Господин Копыто подтягивает стул и берётся за ногу. Она, честно говоря, не очень чистая после прогулки, но врача пыль на моей ступне как будто не смущает. Он сначала вглядывается в пятку, задумчиво морща лоб. Потом прикасается к ней пальцами.
— Ай-яй! — в глазах опять всё влажно плывёт.
— Больновато? Ну, неудивительно. А давайте теперь подвигаем ножкой, — цепкие руки доктора довольно бесцеремонно принимаются вертеть мою ступню в суставе. — Так ничего? Только пяточка?
— Да.
— Для уверенности надо бы сделать рентгенчик, но, скорее всего, сильный ушиб связочек. Ничего смертельного, особенно для «волчицы», но недельку-другую ходить будет трудновато. По видимости, госпожа голова угодила пяточкой на самый краешек ступенечки. А всё потому, что при прогулках по лестницам надо носить ботиночки, — врач опускает мою ногу так же аккуратно, как и осматривал её.
— А почему не по лестничкам? — любопытствую я.
— Потому что не только в женщине должна быть какая-то загадка. Врачу она тоже не помешает, — усмехается господин Копыто. — Ну, теперь мы подгоним каталочку и повезём госпожу голову проверять косточки. А потом выпишем процедурки и больничный листочек.
— А что, разве я не смогу работать? Я же нормально сижу.
— Работать — можете. Ходить на работу не можете. Так что пускай вам приносят документики в постельку, где вы будете пребывать в полном, волшебном, чудотворящем покое. Чтобы подправить нервишки. Немного таблеточек мы вам тоже пропишем. Чтобы кое-кому стало стыдно за своё поведение и доведение, так сказать, до неврозика, — доктор вновь поднимает указательный палец.
— Я совсем не хочу стыдить капитана. По крайней мере, таким способом. И таблеточек никаких не хочу. Мне же работать с документиками.

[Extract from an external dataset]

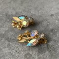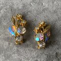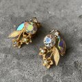 クラシカルな雰囲気のUSAヴィンテージイヤリング。フラワーモチーフのメタルにオーロラ色のビジューがキラキラと輝きます。ヴィンテージならではの上品なデザインで、お顔まわりを華やかな雰囲気にしてくれます。

— Бросьте, они просто с травочками. Как чаю с мятой попить. А совесть у молодых мужей, скажу я вам, как человек опытный, надо будить. Сама она у них не появляется. Не думают наши юноши ни о чём, кроме своих амбиций. У иных по двадцать годочков уходит, чтобы понять, что у жены тоже, может быть, нервы, и что отношения — не пустячок. До некоторых не доходит ни-ког-да. Нет-нет, таблеточки пропишем обязательно, и найдём названьице позаковыристей. Послушайте старого человека. Да и нервишки вам правда надо подуспокоить, пока они серьёзно не расшатались.
— А вы женаты?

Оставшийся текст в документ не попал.